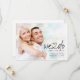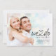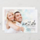 Modern and handwritten calligraphy "we do" with connected heart, your favourite photo save the date card
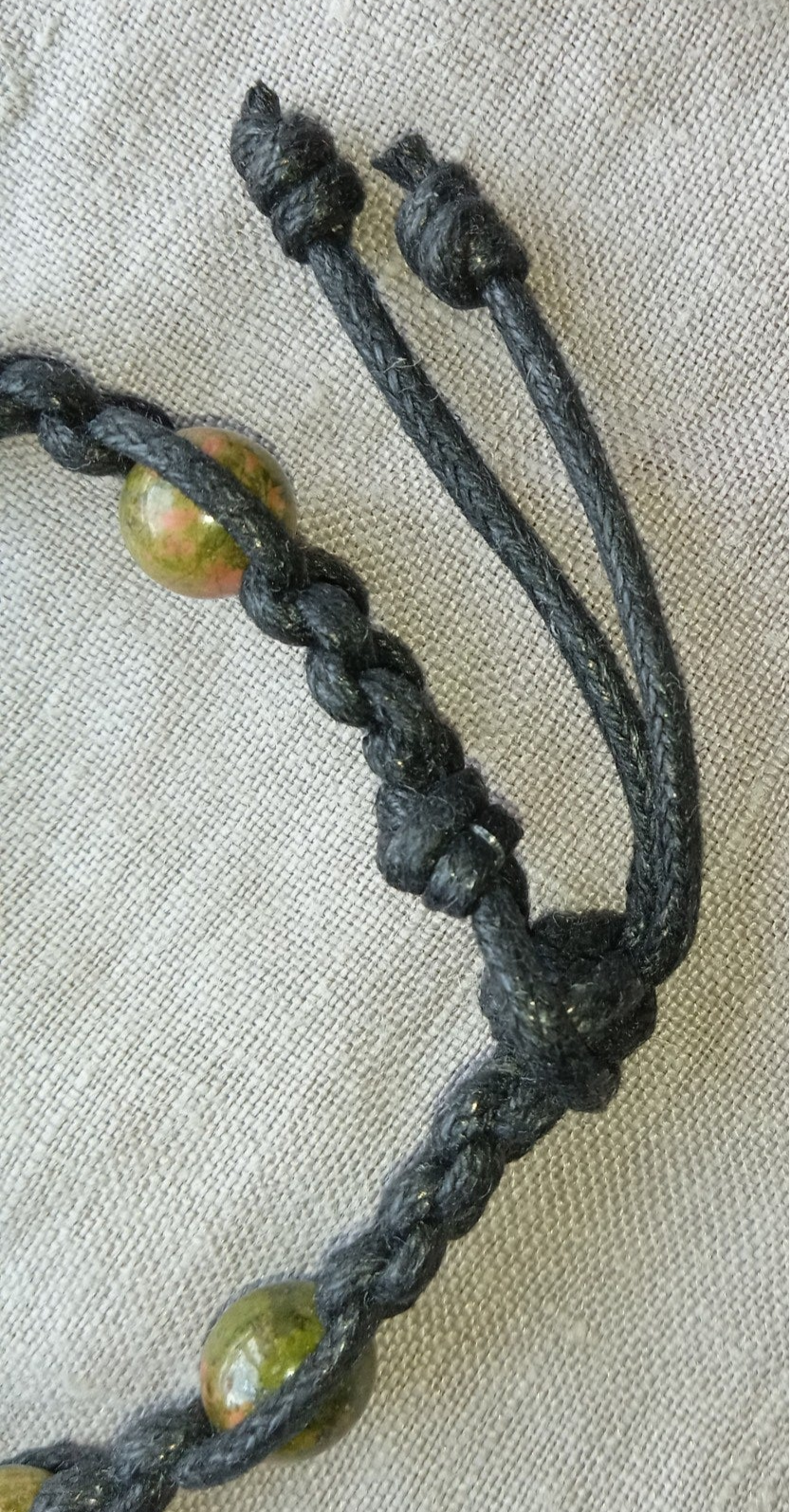Pierres gemmes naturelles, perles rondes 8 mm, lacet de coton ciré noir, longueur +/- 19cm, pièce unique (cliquez sur la photo pour plus de détails).
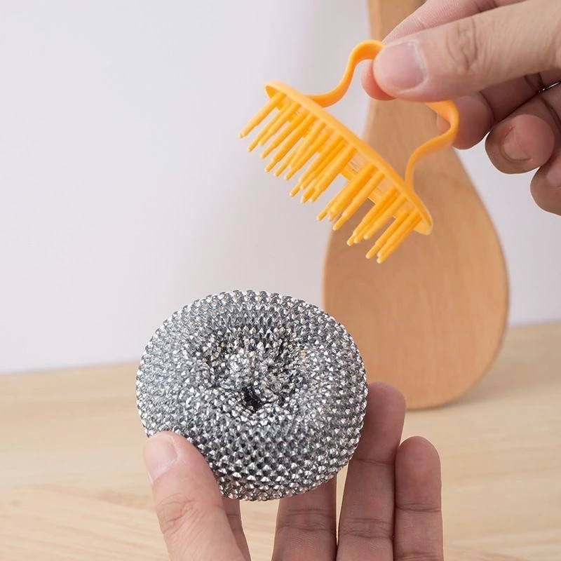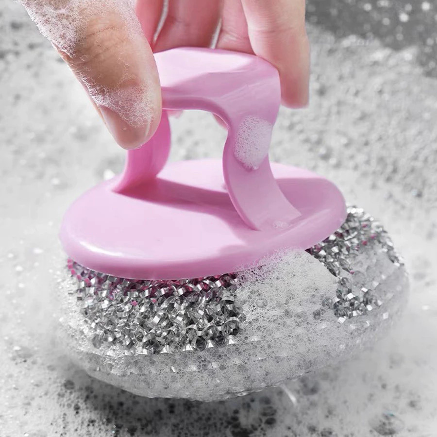 ขัดหม้อ แปรงขัดหม้อ ฝอยขัดหม้อมีที่กดน้ำยา ฝอยขัดหม้อมีด้ามจับ ฝอยขัดหม้อสแตนเลส ขัดกระทะ 1 ชิ้น

-------

§ **Directions**: Without including any picture, write out the material above exactly.

§ **Result of the task**:
 Modern and handwritten calligraphy "we do" with connected heart, your favourite photo save the date card
Pierres gemmes naturelles, perles rondes 8 mm, lacet de coton ciré noir, longueur +/- 19cm, pièce unique (cliquez sur la photo pour plus de détails).
 ขัดหม้อ แปรงขัดหม้อ ฝอยขัดหม้อมีที่กดน้ำยา ฝอยขัดหม้อมีด้ามจับ ฝอยขัดหม้อสแตนเลส ขัดกระทะ 1 ชิ้น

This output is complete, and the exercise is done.